FUW TRENDS IN SCIENCE & TECHNOLOGY JOURNAL
(A Peer Review Journal)
e–ISSN: 2408–5162; p–ISSN: 2048–5170
keywords: Heavy metals, groundwater, water quality, Sharada, North-western, Kano
The current research examined the level of groundwater contamination in Sharada industrial area of Kano, Nigeria. Groundwater samples were collected, examined and analyzed for water quality parameters (physicochemical and heavy metals) and compared with permissible water quality standards (World Health Organisation (WHO); Nigeria Standard for Drinking Water Quality (NSDWQ); and National Agency for Food, Drug and Control (NAFDAC).
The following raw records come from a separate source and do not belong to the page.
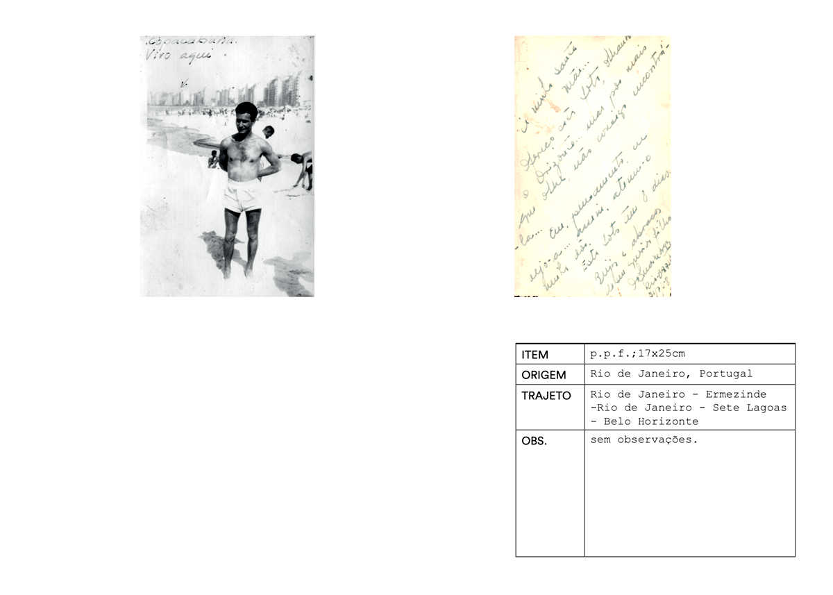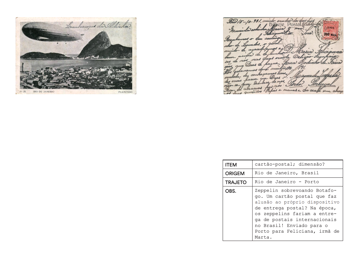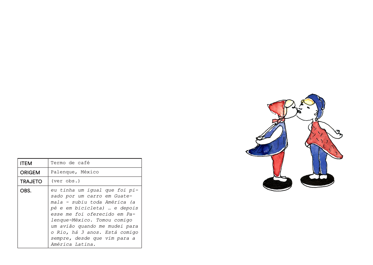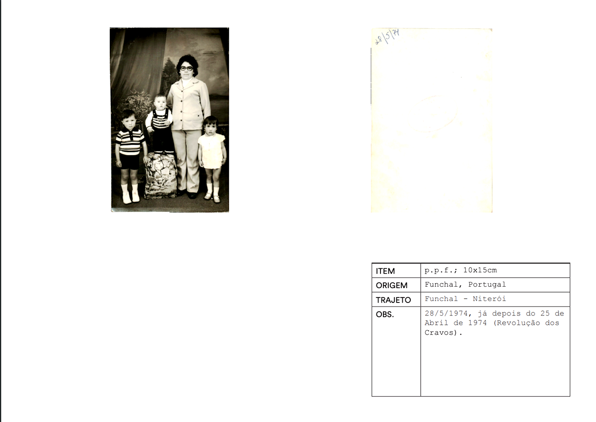Num primeiro momento, o projecto consistiu numa instalação de objectos pessoais trazidos de Portugal para o Brasil, diários de campo, diapositivos, narrativas e impressões fotográficas. A instalação decorreu de 6 a 8 de Outubro de 2016 na #8 Monográfica da galeria Saracvra, no Rio de Janeiro e foi acompanhada de uma publicação. Esta explorava o conceito de catálogocomo elemento compósito, documental e classificatório das coisas em análise: objectos que circularam nas malas de portugueses em trânsito entre Portugal e o Brasil entre 2015 e 2017 / souvenirs fotográficos na trama de correspondência entre os dois países até inícios da década de 1970.
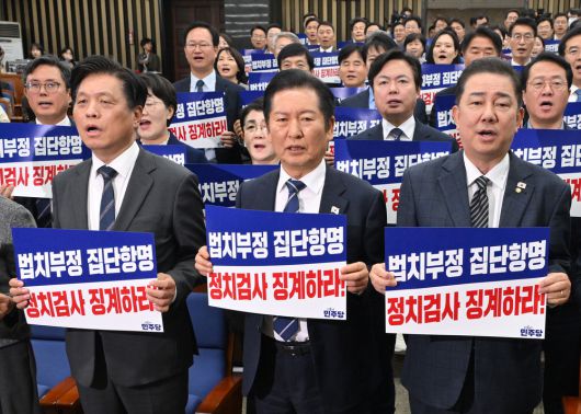 13일 더불어민주당 의원총회에 참석한 의원들이 '정치검사 징계하라' 팻말을 들고 구호를 외치고 있다. 앞줄 왼쪽부터 조승래 사무총장, 정청래 대표, 김병기 원내대표. 김재훈 기자 |
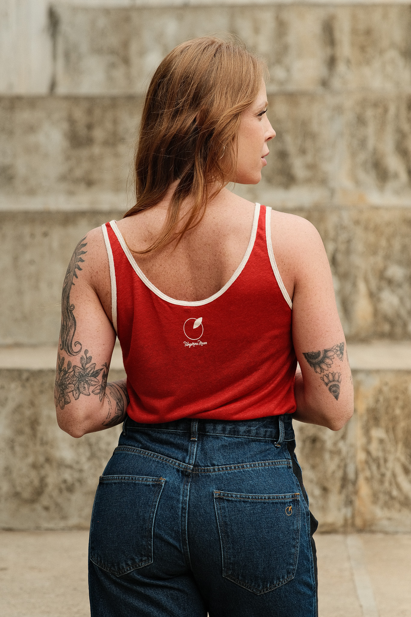 Regata em malha de linho com estampa, debrum na cor Off White e modelagem soltinha.
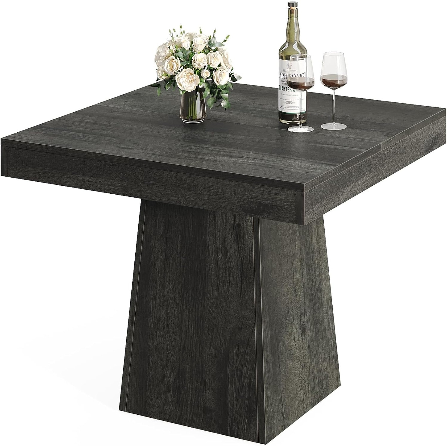 Rustic Farmhouse Square Dining Table Grey Wood for 4 People Sturdy Wooden Table for Kitchen and Living Room
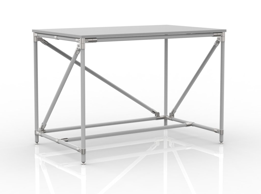 Werkbank aus einem Rohrbausatzsystem mit einer DTDL-Arbeitsplatte, 18 mm dick, einem Tischcontainer und vier höhenverstellbaren Füßen. Tragfähigkeit bei gleichmäßiger Lastverteilung 100 kg. Maße 850 x 2000 x 750 mm.
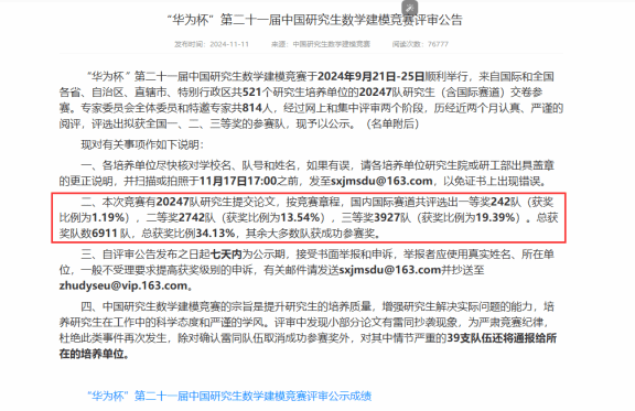 据悉,中国研究生数学建模竞赛是由教育部学位管理与研究生教育司指导,中国学位与研究生教育学会、中国科协青少年科技中心主办的全国性学术竞赛活动。竞赛旨在提高在校研究生运用数学建模方法解决实际问题的能力,培养研究生的创新精神和团队合作意识。2024年的竞赛继续沿用“华为杯”,由华为技术有限公司赞助,并由山东大学承办。
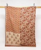 Elevate your bedding with our twin kantha quilt featuring a beautiful brown floral pattern, meticulously hand-stitched from 6 layers of vintage cotton saris. Versatile as both an oversized throw and a lightweight bed layer, this kantha quilt is a unique work of art, boasting a one-of-a-kind pattern you won’t find anywhere else. Pride in quality shines through in every stitch of this kantha blanket. Snuggle up in softness and experience unparalleled comfort.
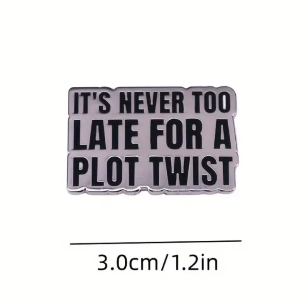 It's Never too Late for a Plot Twist Enamel Pin. 3.5 X 3.0
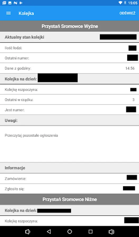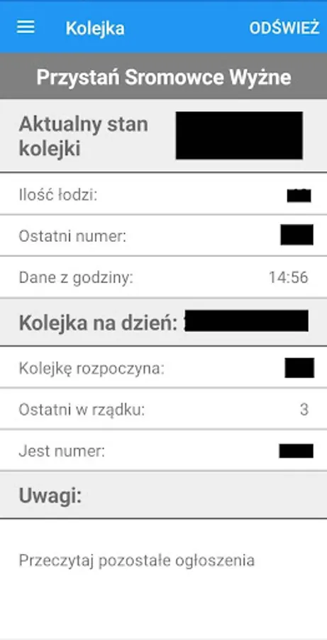 The application allows you to track the current state of the queue and make entries for rafting on a given day.
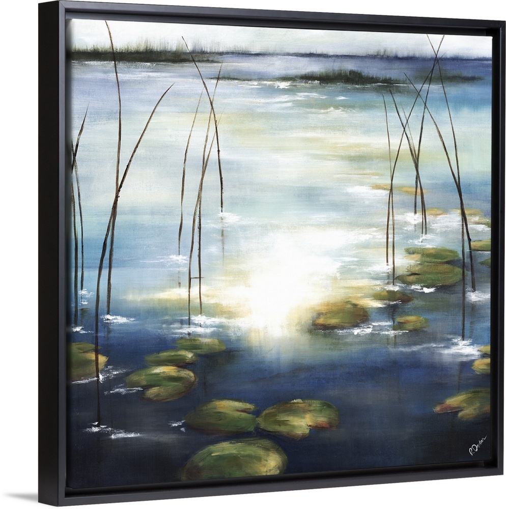 <p>Contemporary painting of lily pads in a pond with the sun reflecting on the water.</p>
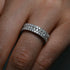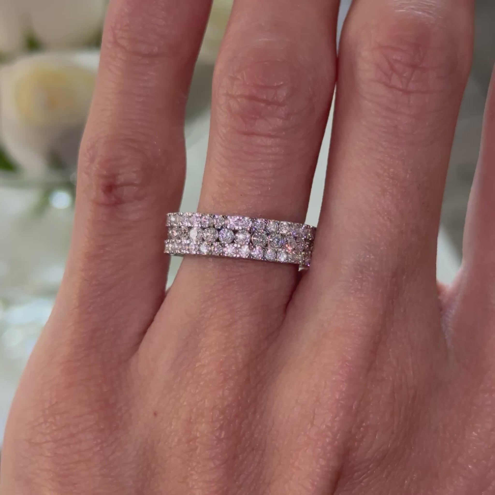Crafted from premium S925 sterling silver, the dazzling CIDRA Moissanite eternity band showcases a harmonious blend of brilliance and sophistication. Featuring a total of 97 sparkling moissanites (21 stones at 3mm and 76 stones at 1.5mm), the ring boasts a total carat weight of 3.24ct. The luxurious 6.5mm width and intricate pavé setting highlight the fiery brilliance of the moissanite stones, making it a stunning choice for weddings, anniversaries, or simply elevating everyday style. Lightweight yet durable at approximately 5.8 grams, this piece exudes timeless elegance.
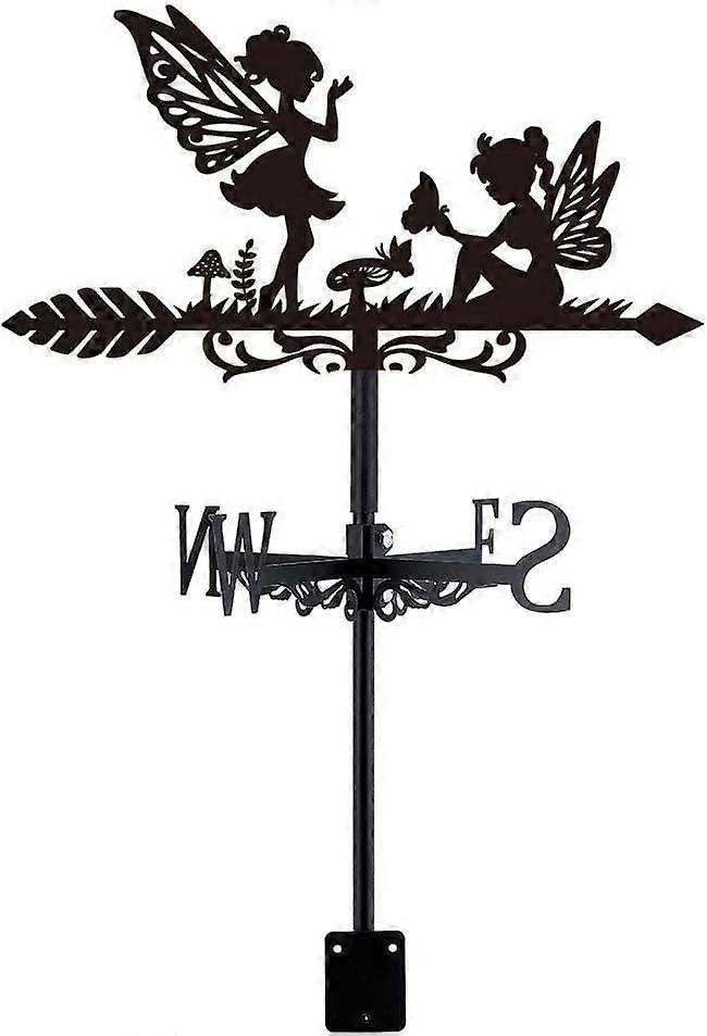 Fairy Weathercock Meadow Mushroom Metal Weathervane Black - Yard Wind Vane Compatible with Farmhouse Barn, Garden Roof Decor
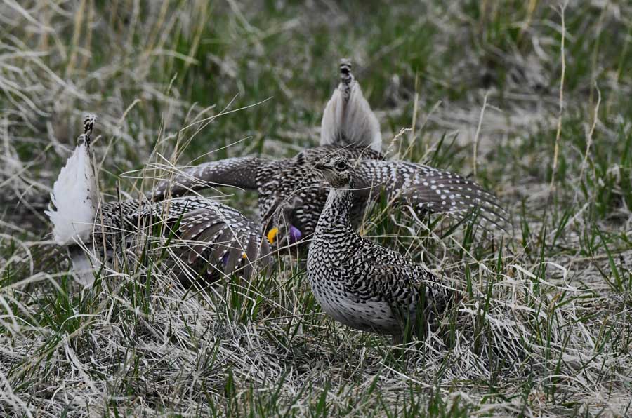 Like the greater sage grouse, the sharpie hens choose who they mate with — and that is usually the top three or four dominant males on each lek.
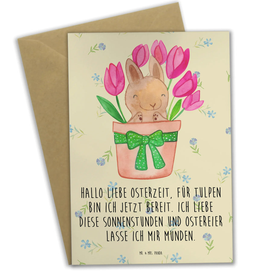 Mit dem liebenswerten Slogan "Hallo liebe Osterzeit, für Tulpen bin ich jetzt bereit. Ich liebe diese Sonnenstunden und Ostereier lasse ich mir munden." bringt die Karte das perfekte Ostergefühl direkt zu dir nach Hause. Sie wurde von Mrs. Panda mit viel Liebe und Leidenschaft handgezeichnet, und zeigt, wie viel Freude und Wärme Ostern mit sich bringt.
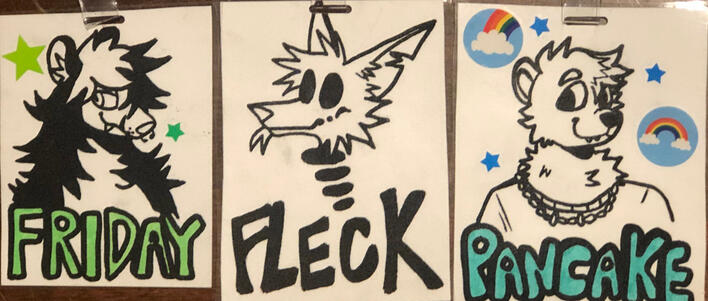 (drawn on small pieces of scrap paper left over from making bigger badges! a black/white bust doodle of your character with their name in one color of your choosing. cut, laminated, and shipped to you!)

A random sampling method was employed in collecting the samples from three (3) different locations of Sharada phase I, II and III. Heavy metals were determined using Atomic Absorption Spectrophotometer and titration was employed to determine physicochemical parameters while pH, electrical conductivity (EC) and temperature were measured in-situ. Results obtained from the analysis of the heavy metal in the sampled hand dug wells revealed mean concentration ranges of Cd(0.10-0.20 mg/l), Cr(0.0370-0.0925 mg/L), Pb(0.0650-0.1305 mg/L) and Zn(0.0280-0.0420 mg/L) while the sampled boreholes recorded mean concentration ranges of Cd(0.10mg/L), Cr(0.0925-0.1110 mg/L), Pb(0.0430-0.1085 mg/L) and Zn(0.0560-0.0830 mg/L). In comparison with standards requirement for water quality, it was found that some of the parameters were above the standard quality for water requirements. Analyses also revealed that, the mean concentration of heavy metals like (Cd Cr and Pb) were found to be above standard water quality requirement, while Zn level did not exceed the standard limits. In conclusion, improper discharge of untreated effluents in the environment could have led to the contamination levels by heavy metals and other parameters detected in this study. It is therefore recommended that industrial, domestic and agricultural effluents should be subjected to the required treatment standards and constant monitoring of disposal processes of both industrial and domestic effluents in the study area that would guarantee protection of groundwater resources in the locality should be implored.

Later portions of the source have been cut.